FCA Consults on £1m Commodity-Trader Commitments — Finance Monthly

The Financial Conduct Authority is consulting on a package of commitments offered by 11 commodity futures day traders, including a £1 million payment to a government crisis fund, that would close a three-year investigation into competition concerns in the sector. Announced on 24 June 2026, the regulator said it has provisionally decided the commitments are appropriate, while stressing it has reached no view on whether competition law was breached and that the traders have made no admission of infringement.

The investigation centres on conduct in the commodity futures markets. The FCA said it was concerned that the 11 individuals, who were day traders in global commodity futures and dealt mainly in energy contracts such as natural gas and crude oil, may have hindered competition by exchanging potentially sensitive information about their trading intentions, positions and recent orders, and may have coordinated their trading strategies, between November 2019 and May 2020. The traders were part of a group known as Futures Trading Facilities. The regulator’s concern rests on a basic principle of market integrity: day traders provide liquidity and absorb risk for other participants, so for the markets to function competitively their trading decisions must be made independently rather than in concert.

Rather than contest the case, the traders have offered a set of binding commitments to address those concerns. Under the proposed package they would change how they handle sensitive information, undertake annual competition-law training, and arrange a £1 million ex gratia payment to the Crisis and Resilience Fund — a government scheme launched in April 2026, replacing the Household Support Fund, that provides support to low-income families and individuals in financial hardship. The mechanism sits within the Competition Act 1998, under which firms or individuals under investigation may offer binding commitments, which the FCA can accept if satisfied they address its concerns, without any finding or admission of a breach.

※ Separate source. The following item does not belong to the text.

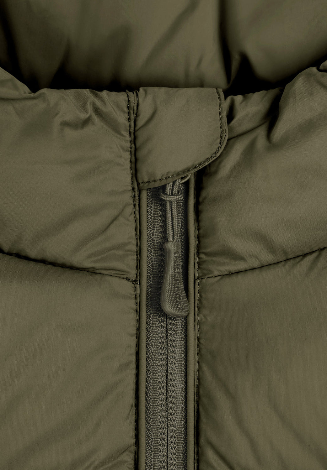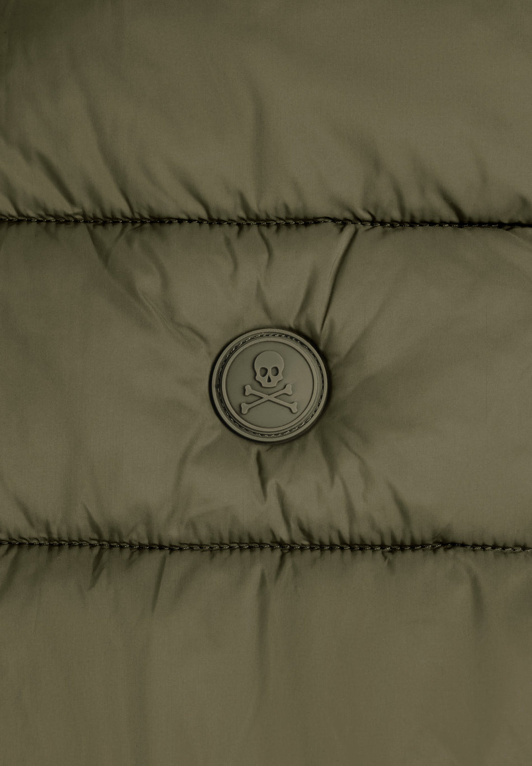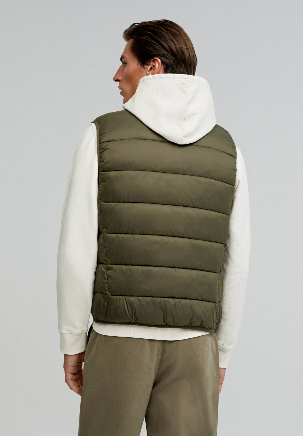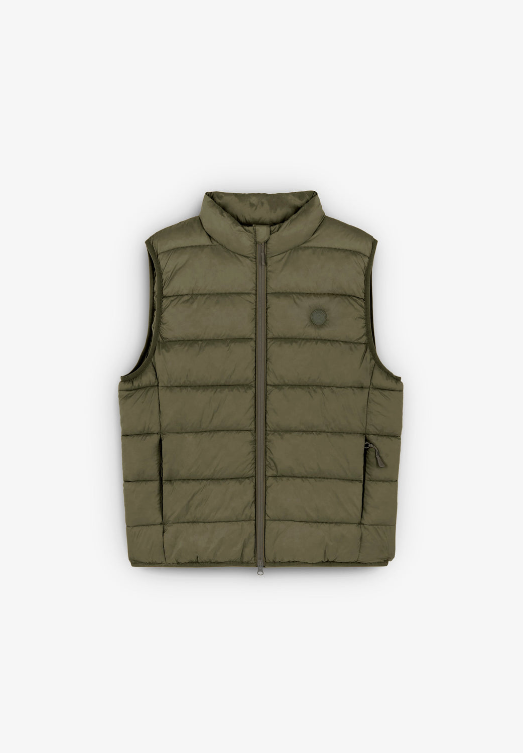 Chaleco acolchado con calavera engomada confeccionado en tejido reciclado. Regular fit, cuello subido y cierre con cremallera. Manga en sisa y bolsillos con cremallera. Bolsillo interior.

The financial terms are notable for exceeding what enforcement might otherwise have delivered. The FCA noted that the £1 million payment is likely to be larger than any penalty it could impose on the individuals following an infringement finding, because competition-law fines are capped at 10% of the turnover of the firm or individual in the year before any decision. Directing the money to a hardship fund rather than to the public purse, and securing behavioural commitments alongside it, gives the regulator an outcome it can present as both proportionate and constructive, while avoiding the cost and uncertainty of pursuing the case to a contested conclusion.

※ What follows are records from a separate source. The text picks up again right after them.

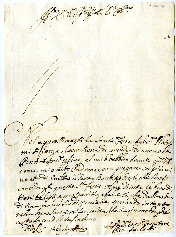 Lettera di Pietro Scarlatti ad Annibale Albani (1707 dicembre 9)
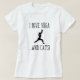 Grand T-shirt de regard de femmes de style de typographie avec la silhouette de femme faisant le yoga et mots "j'aime le yoga… et des chats" là-dessus. Perfectionnez pour tous les amants de yoga (et chat).
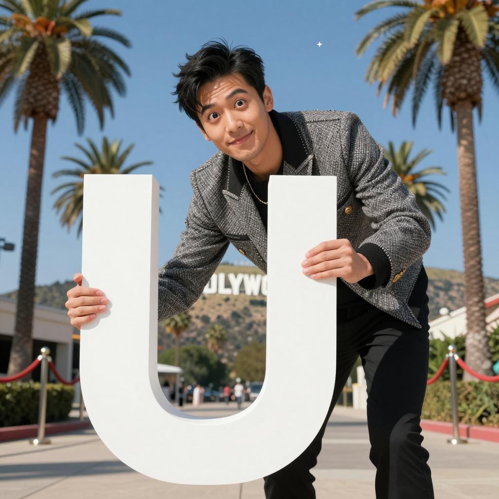 Man with short black hair in gray tweed jacket and black pants holds large white letter "U" with both hands. He leans forward, smiling, eyes wide. Background has blue sky with stars, palm trees, red rope barriers, and Hollywood sign. Digital illustration.
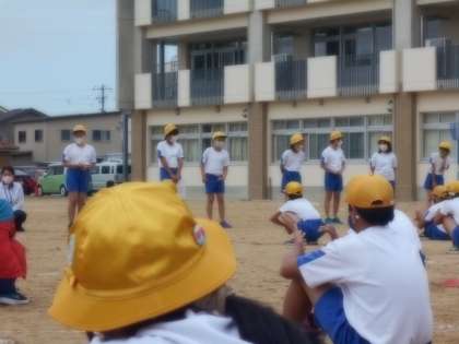 この「GO!GO!オリンピック」では、来年度の運動会を見据えて、子供たち全員が役割を分担して行いました。競技の進行は集会委員会、感染症対策及び熱中症対策についての注意については健康委員会というように、子供たちそれぞれが自分の仕事に責任をもって取り組みました。緊張しながらも、みんなの前で最後までしっかりとせりふを言い切り、ほっとした様子の子供たちに成長を感じました。
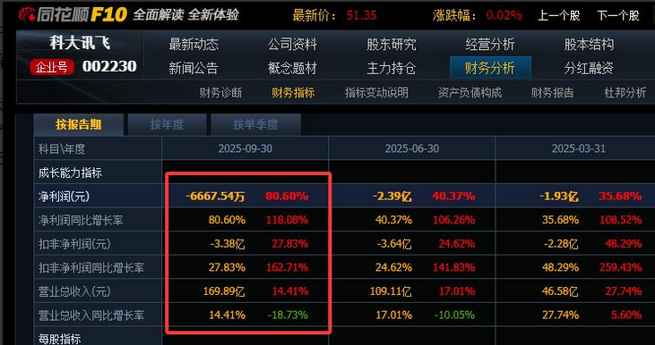 随着三季报进入密集披露期,越来越多的的公司开始披露三季报。 截至发文,昨晚共有59家公司完成了披露,其中有43家公司净利润同比出现增长,16家公司净利润同比出现下滑,而净利润增速最高的一家,当属永鼎股份,其净利润增速高达474%!具体什么情况,我们来盘点一下。 由于昨晚发布三季报的家数比较多,这里我们挑几家比较有代表性的公司来进行一下拆解。 科大讯飞,这是一家做智能语言的世界领先的龙头公司。 公司三季报显示,其营收实现了169.89亿元同比增长了14.41%,净利润虽仍亏损6667.54万但已同
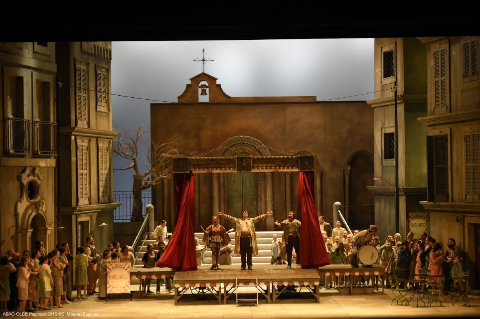 No es raro que cuando se pone en escena estas dos óperas haya nexos de unión entre ellas en la producción. La que presenta Joan Anton Rechi para esta nueva puesta de ABAO ahonda en este camino. E incluso va más allá utilizando un acertado nexo dramático entre las dos piezas que no voy a revelar para que sea una sorpresa para los que acudan al Euskalduna en próximas representaciones. No es el único acierto de Rechi. La escenografía (de Gabriele Moreschi) es de corte clásico y realista (toda la producción, incluido vestuario, nos lleva a la Italia de mediados del S. XX y nos recuerda al neorealismo cinematográfico). Se nota que es una producción creada para el Euskalduna (y que ha pensado en público y cantantes) porque cuida dos detalles. Uno el cerrar el escenario (se crea una típica plaza de un pueblo del sur italiano cuyo fondo es una escalinata y una iglesia) lo que lleva a que las voces no se pierdan ni en laterales ni fondo y se proyecten hacia el amplio auditorio sin pérdidas sonoras. Y el otro hacer que los personajes canten casi siempre en el tercio delantero del escenario, en el proscenio, para que el esfuerzo para traspasar la orquesta y llegar a todos los rincones del Euskalduna sea menor. En Pagliacci la escenografía se completa con un antiguo carromato circense que aparca en la plaza del pueblo. Ayudado, seguramente, por unos cantantes colaboradores y un coro entusiasta, el movimiento escénico casi siempre es acertado y con el ajustado dramatismo. Sólo habría que perfilar mejor los movimientos de un coro a veces excesivamente deambulante. La iluminación, responsabilidad de Bogumil Palewicz, se centra adecuadamente en marcar los momentos dramáticos y el vestuario de Mercè Paloma se ajusta perfectamente a ese aire neorealista que se comentaba más arriba.Muy acertados también detalles que pueden pasar desapercibidos pero que dotan de un hilo conductor lógico a la historia y que a la vez la clarifican, como fue el juego con el anillo de compromiso que supuestamente da Turiddu a Santuzza y que simboliza la palabra dada por el amante infiel. También el cambio de el reto al duelo entre Alfio y Turiddu que en la omertà siciliana (y en la representación original) se simboliza con un mordisco en el lóbulo de la oreja y que Rechi sustituye por el mordisco de ambos hombres a una manzana. En resumen, una producción que se adapta perfectamente a un espacio tan traidor como el Euskalduna y que se ajusta, con buen criterio, al gusto del público de ABAO.
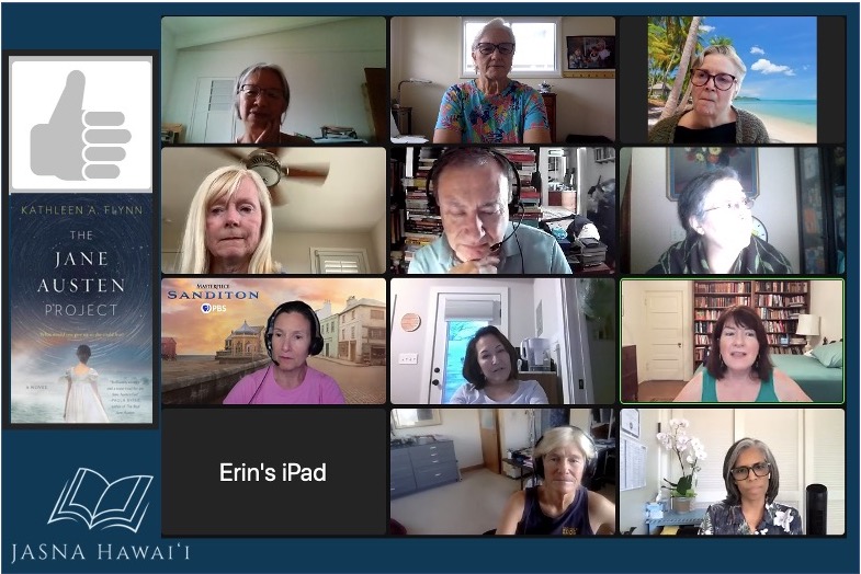 Our next Reading Group gathering is online Saturday, September 24 at 1 p.m., when we will discuss Courting Jane. Pay vicarious visits to Regency England and a fictional Annual General Meeting in Honolulu with this Jane Austen time travel romance.
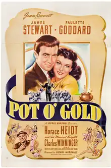 Pot o' Gold is a 1941 American romantic musical comedy film starring James Stewart and Paulette Goddard, directed by George Marshall,[2] and based on the radio series Pot o' Gold. The film was released April 3, 1941, eight months before the NBC radio series came to an end. Paulette Goddard's singing voice was dubbed by Vera Van. The film was known as The Golden Hour in the United Kingdom and was re-released in 1946 by Astor Pictures as Jimmy Steps Out.
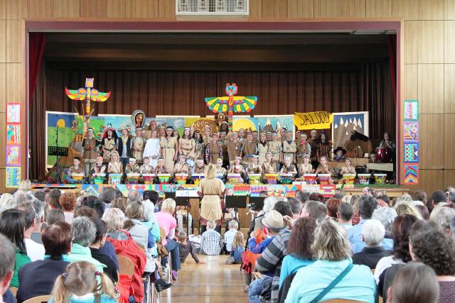 Höhepunkt der Festlichkeiten war dann das Mitmach-Musical „Wakatanka“ in der voll besetzten Turn- und Festhalle unter der Leitung von Regina Schmidt-Auginski und Lucie Gundel. Die jungen Künstler aus der Grundschule entführten mit technischer Unterstützung der 6. Klasse abermals in den Wilden Westen und begeisterten mit Trommeln, Bläserklasse, Orff, Chor und Flöten, den Solisten und einem Squaredance vor wundervoll dekorierten Kulissen.

The approach reflects a wider regulatory preference for resolving competition matters through negotiated commitments rather than protracted enforcement. The commitments route allows the FCA to secure changes in behaviour and a financial contribution relatively quickly, while the firms or individuals involved avoid a formal infringement finding — a trade-off that delivers a faster, more certain result for both sides than a full enforcement process and a contested penalty. Graeme Reynolds, the FCA’s director of competition, framed the action around the regulator’s role in ensuring markets work well, saying it considers all competition concerns and takes action where appropriate.

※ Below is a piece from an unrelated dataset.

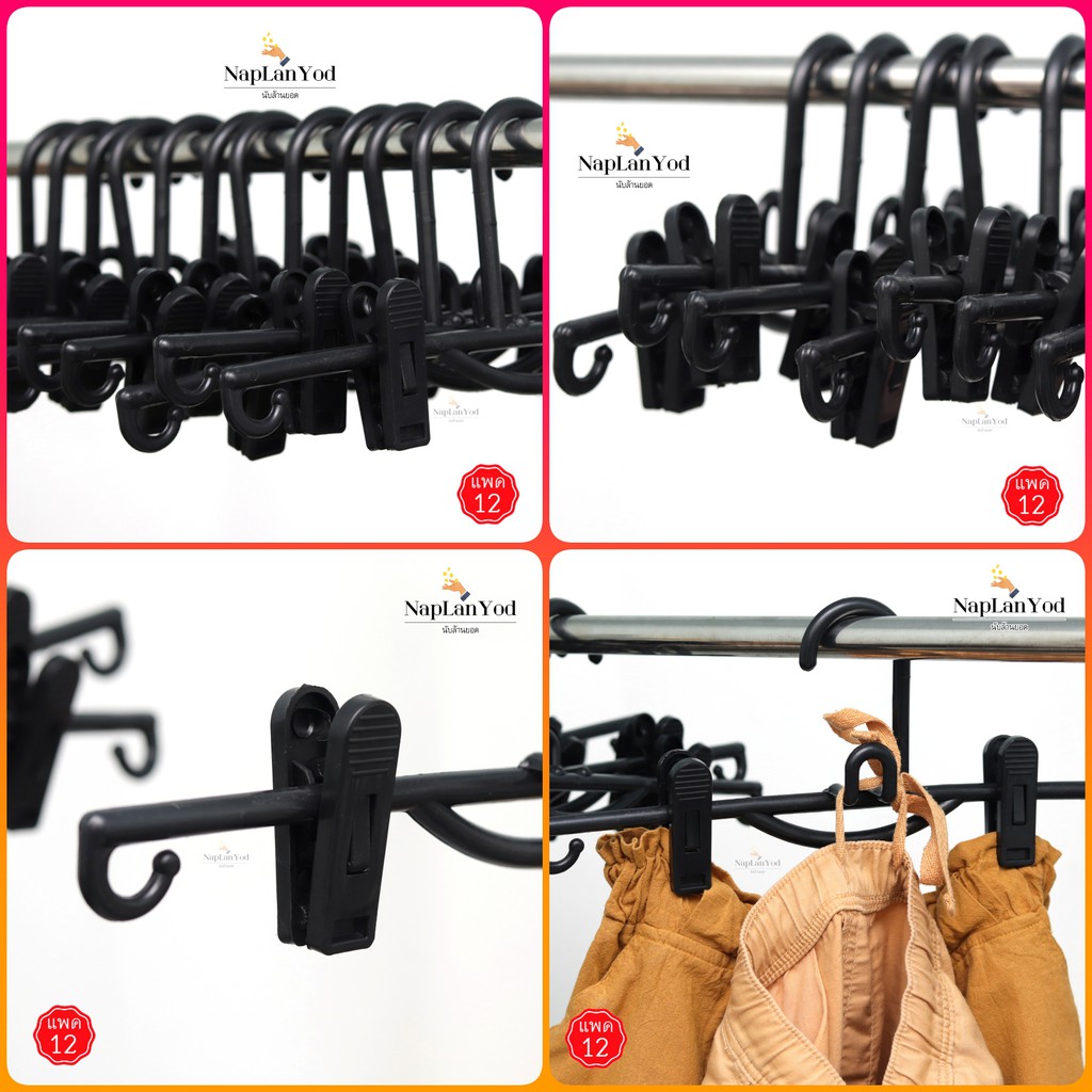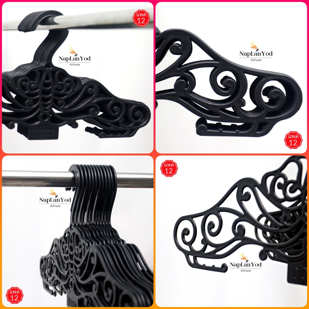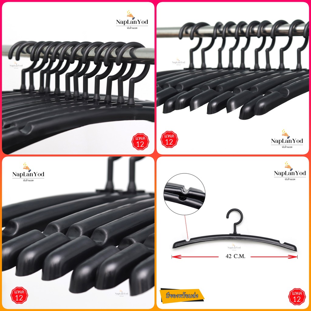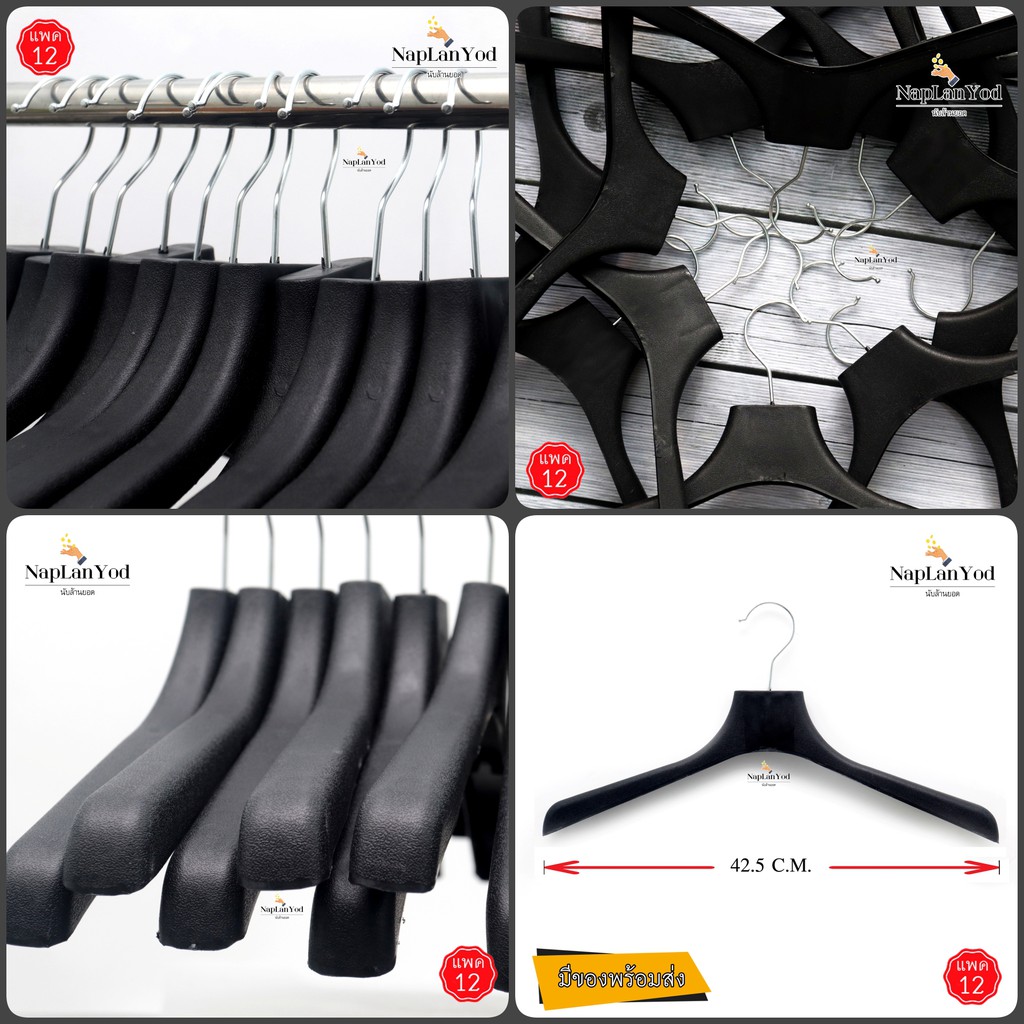 ไม้แขวนเสื้อ อย่างหนา(แพค12ชิ้น) ไม้แขวนพลาสติก สีดำ อย่างหนา คุณภาพดี มี 8 แบบให้เลือก

The consultation on the commitments package runs until 14 July 2026, after which the FCA will decide whether to accept the offer and close the investigation without ruling on whether competition law was broken. The outcome will add to the body of cases in which the regulator has used the commitments mechanism to resolve competition concerns in financial markets, and the unusual direction of the payment to a hardship fund may draw attention to how such settlements are structured. Whether the FCA accepts the package as offered, or adjusts it following feedback, will determine how the three-year investigation is finally brought to a close.